Ранние работы в этой области предположили, что открытие пузырьков действует как критический фактор замедления процесса, определяющий, насколько быстро РНКП переходит в синтез РНК. Последующие открытия в этой области поставили под сомнение эту точку зрения, и появилось множество теорий о природе этого шага, ограничивающего скорость. «Из других биологических методов мы знаем, что когда РНКП впервые сталкивается с ДНК, она образует набор промежуточных продуктов, которые строго регулируются», — говорит соавтор Андреас Мюллер, научный сотрудник лаборатории. «Но эта часть процесса может происходить и внутри. «Меньше секунды, и мы не смогли захватить структуры за такой короткий промежуток времени».

Чтобы лучше понять эти промежуточные соединения, команда сотрудничала с коллегами из Нью-Йоркского центра структурной биологии, которые разработали автоматизированную систему на основе струйной печати, которая может быстро подготовить биологические образцы для анализа с помощью криогенной электронной микроскопии. Благодаря этому партнерству команде удалось зафиксировать соединения, которые образуются в первые 100–500 миллисекунд рекомбинации РНК, в результате чего были получены изображения четырех различных промежуточных продуктов с достаточной детализацией для проведения анализа.

Впервые получена четкая картина структурных изменений и интермедиатов, образующихся на начальных этапах связывания РНК-полимеразы с ДНК. «Технологии были очень важны для этого эксперимента», — говорит Сейкер, — «Без возможности быстро смешать ДНК и РНК-полимеразу и сфотографировать это в реальном времени, этих результатов не было бы».

Встаньте в правильное положение

Изучив эти изображения, команда смогла на беспрецедентном уровне детализации наметить последовательность событий, которая показывает, как белок RNAP взаимодействует с цепями ДНК при их разделении.
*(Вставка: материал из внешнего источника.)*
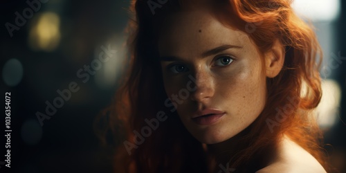 redhead, woman, portrait, intense, gaze, eye, dark, dramatic, moody, beauty, female, face, skin, freckle, hair, natural, lighting, emotional, thoughtful, mysterious, captivating, alluring, enigmatic, contemplative, pensive, striking, mesmerizing, soulful, introspective, hypnotic
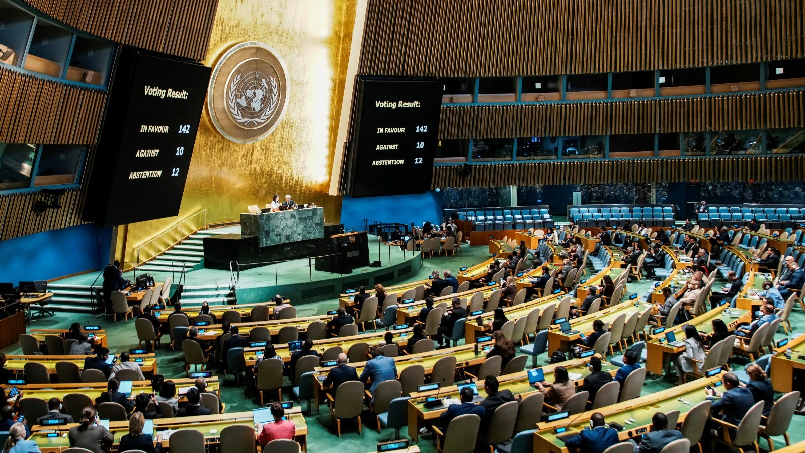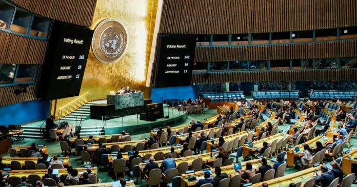 وصوتت الجمعية العامة للأمم المتحدة على إعلان يحدد خطوات ملموسة نحو حل الدولتين بين إسرائيل والفلسطينيين، وذلك بأغلبية 142 صوتاً، مقابل معارضة عشر دول بينما امتنعت 12 دولة عن التصويت.
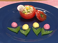 3.皿に(2)をリング型に盛り、中に新じゃがを盛り付け、(1)のアンをかける。
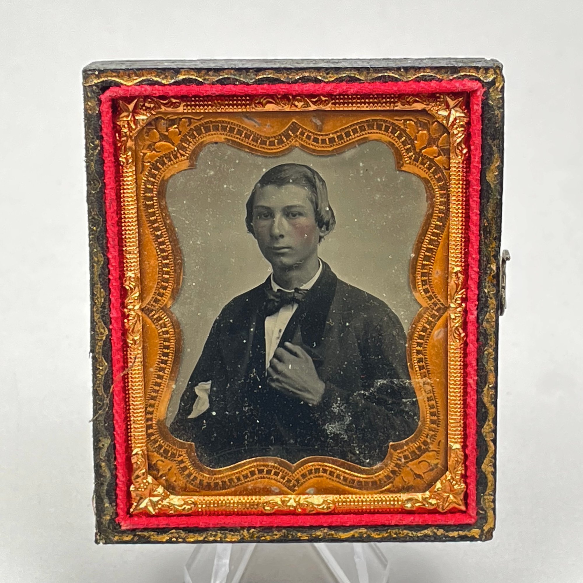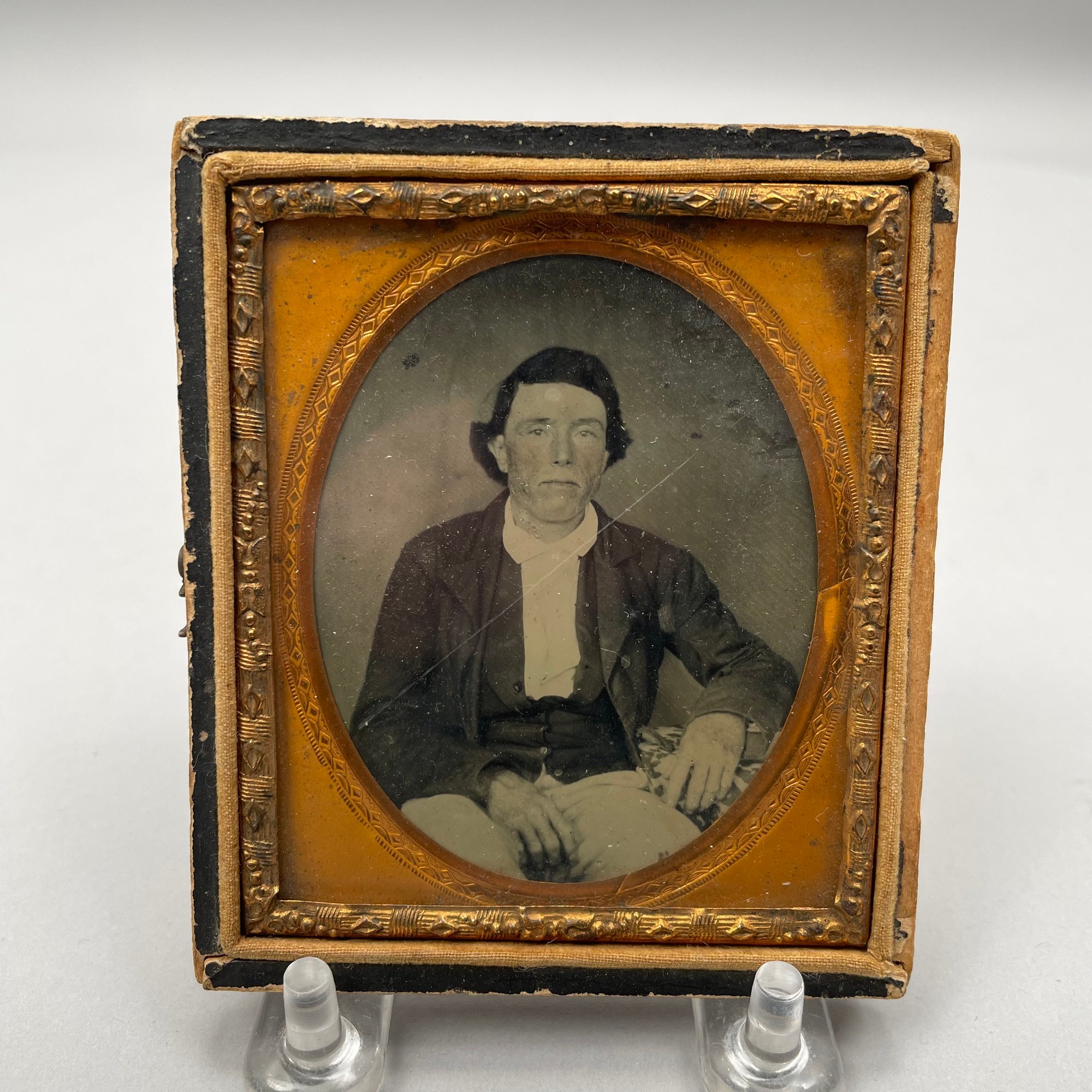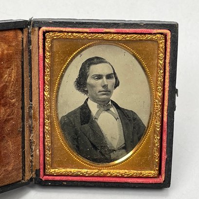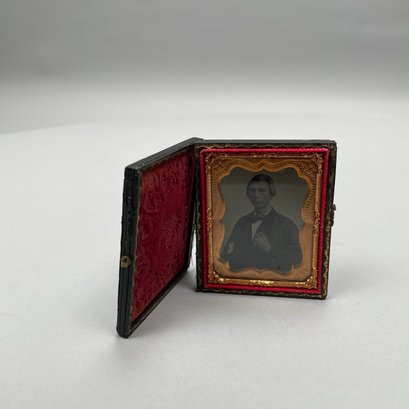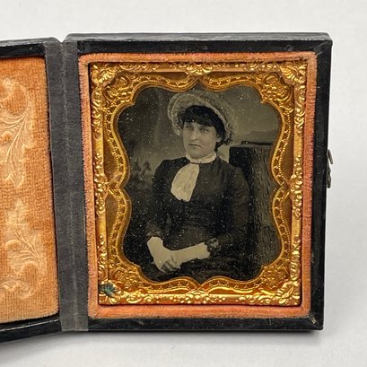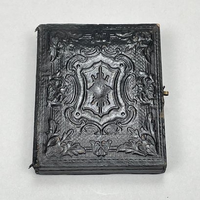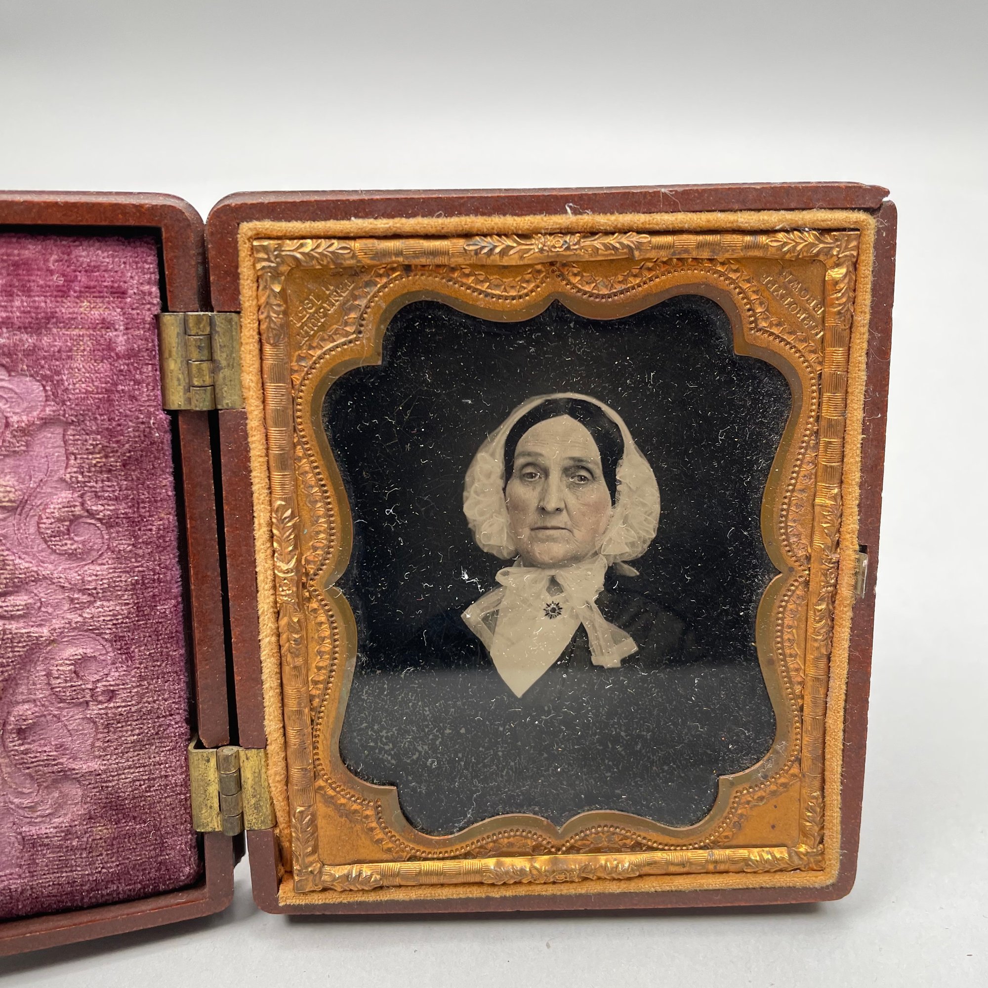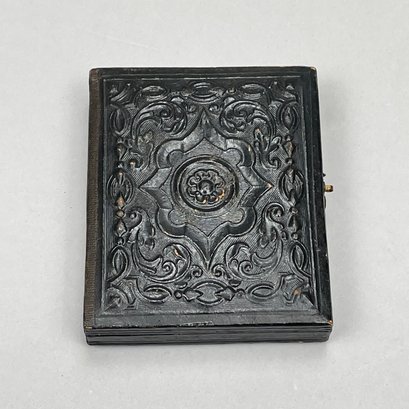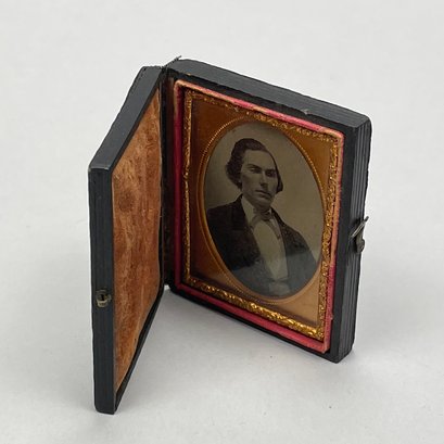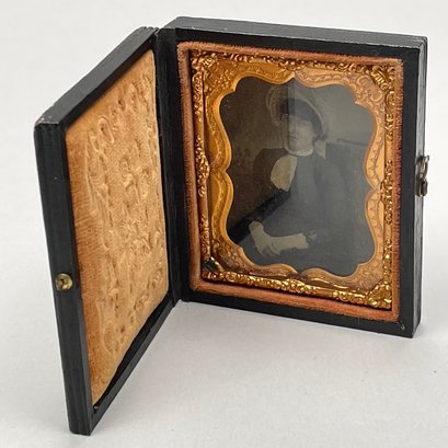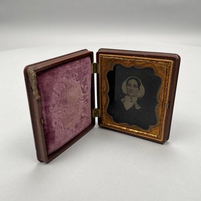 Five Cased Photographs, Nineteenth Century. Three each in an embossed leather case, the largest photograph of an elderly woman, housed in a brown Union or thermoplastic case; one in the remnants of a case.

По мере раскручивания ДНК белок РНКП постепенно захватывает одну из нитей ДНК, чтобы предотвратить повторное соединение двойной спирали. Каждое новое взаимодействие заставляет белок RNAP менять форму, позволяя образовывать больше связей между белком и ДНК. Это включает в себя выталкивание части белка, которая предотвращает попадание ДНК в активный сайт белка РНКП. Таким образом формируется стабильный пузырь копий.

Команда предполагает, что этапом, ограничивающим скорость транскрипции, может быть размещение цепи матрицы ДНК в активном сайте фермента РНКП. Этот шаг предполагает преодоление важных энергетических барьеров и перестановку нескольких компонентов. Будущие исследования направлены на подтверждение этой новой гипотезы и изучение других этапов транскрипции.
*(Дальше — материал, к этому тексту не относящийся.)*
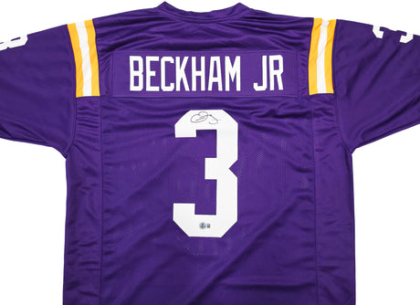 LSU Tigers Odell Beckham Jr. Autographed Purple Jersey Beckett BAS Witness Stock #243262
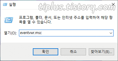 먼저, 첫 번째 방법은 조건은 위 소주제에서도 알 수 있듯, 모니터 화면이 멈추고 바로 팬이 크게 돌기 시작하면서 꺼졌다 켜지는 현상이 일어났을 때 이벤트 뷰어에 찍히는 로그를 통해 확인하는 방법입니다. 우선, Windows + R 키를 눌러 eventvwr.msc를 입력합니다. 그리고 확인을 눌러보면 이벤트 뷰어를 볼 수 있게 됩니다.
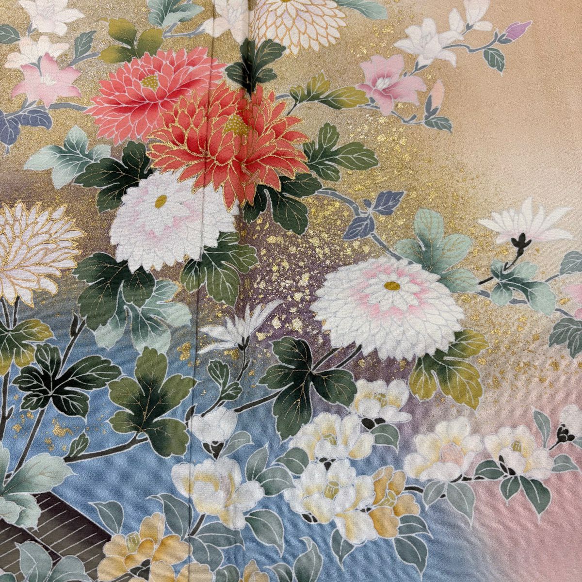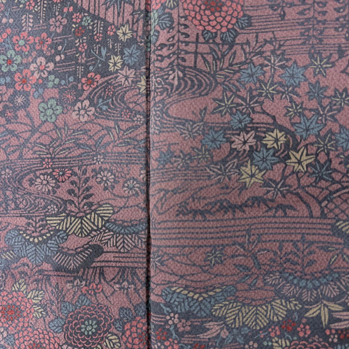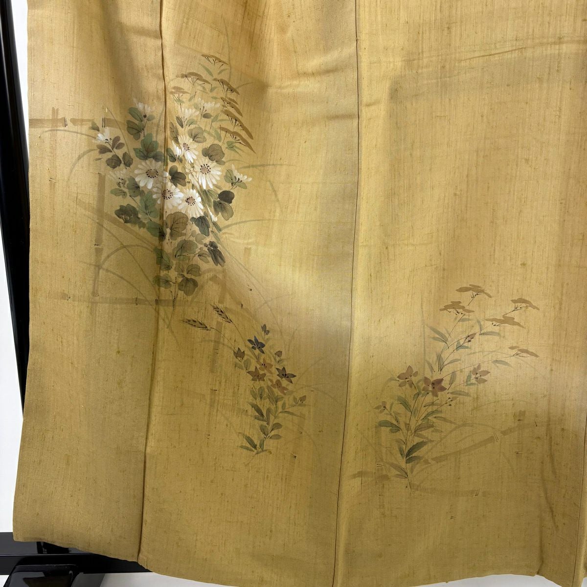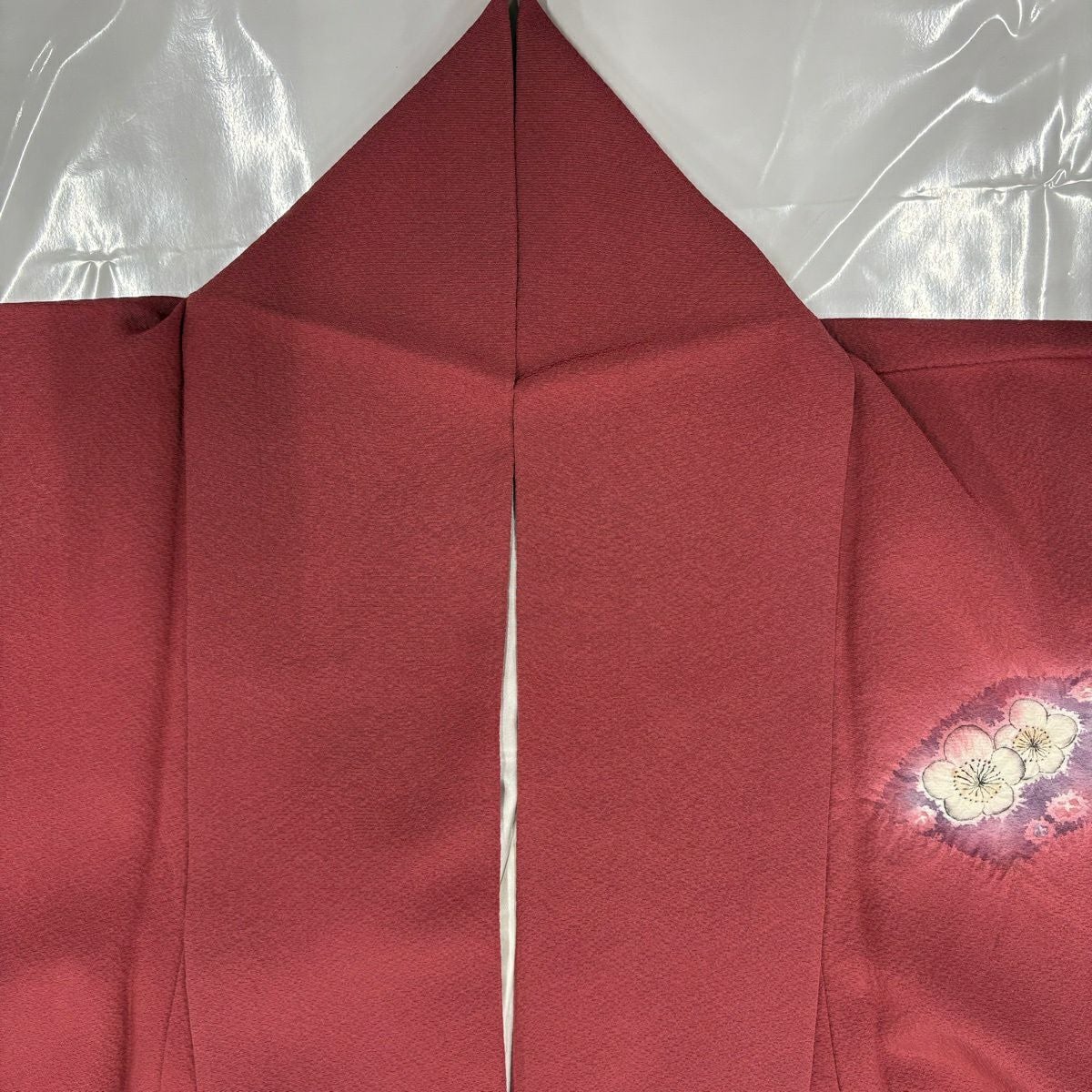 訪問着 身丈171cm 裄丈67.5cm 未仕立て 仮絵羽 落款あり 菊 萩 金彩 ぼかし えんじ色 正絹 秀品

«Мы рассмотрели только первые шаги в этом исследовании», — говорит Мюллер, — «Затем мы надеемся рассмотреть другие комплексы, более поздние моменты времени и дополнительные шаги в цикле транскрипции».
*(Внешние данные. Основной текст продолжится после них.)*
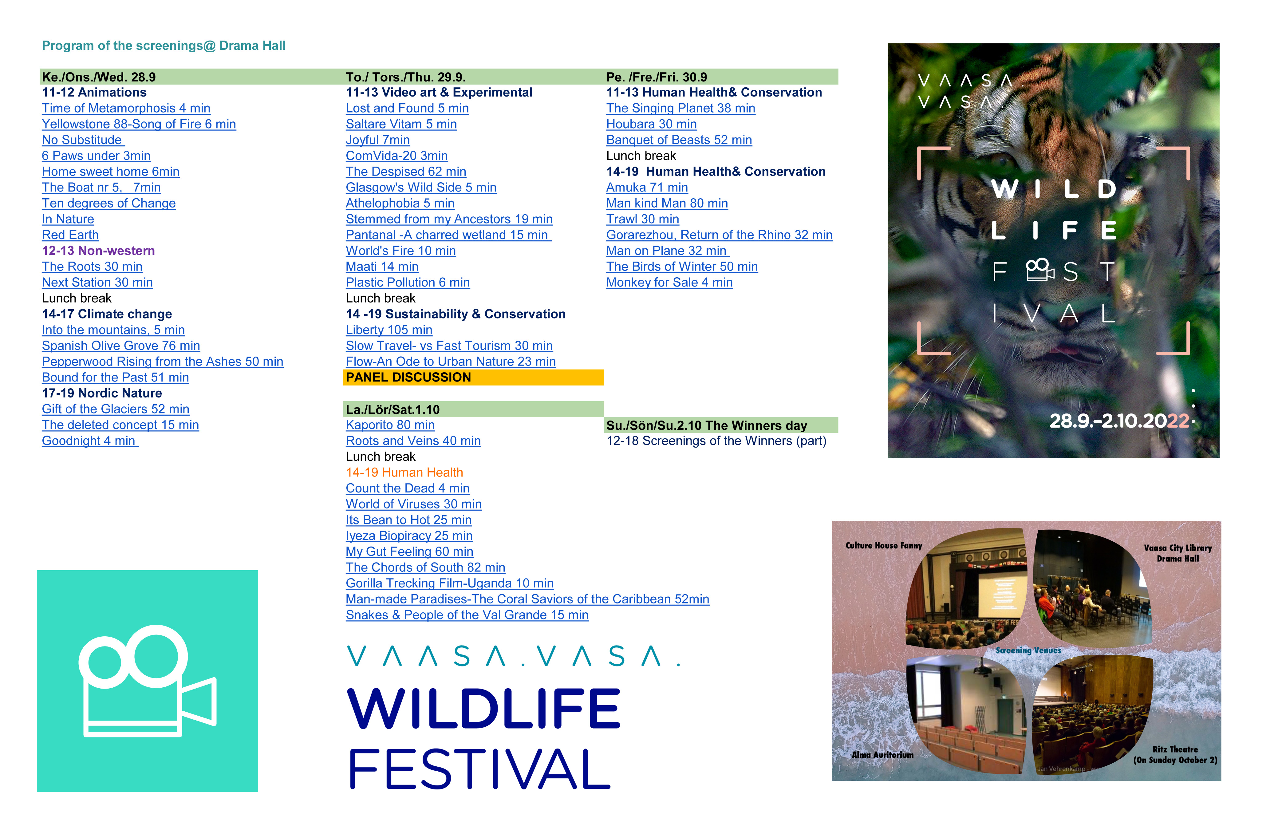 Vaasa Wildlife Festival 2022: Program at Drama Hall

Эти результаты не только не разрешают противоречивые теории о том, как захватываются нити ДНК, но и подчеркивают ценность нового метода, который может фиксировать молекулярные события, происходящие в течение миллисекунд, в реальном времени. Эта технология позволит проводить больше исследований такого рода, помогая ученым визуализировать динамические взаимодействия в биологических системах.

«Если мы хотим понять один из самых фундаментальных процессов в жизни, который осуществляют все клетки, мы должны понять, как регулируется его ход и скорость», — говорит Дарст. «Как только мы узнаем это, мы получим более четкое представление о том, как. транскрипция начинается».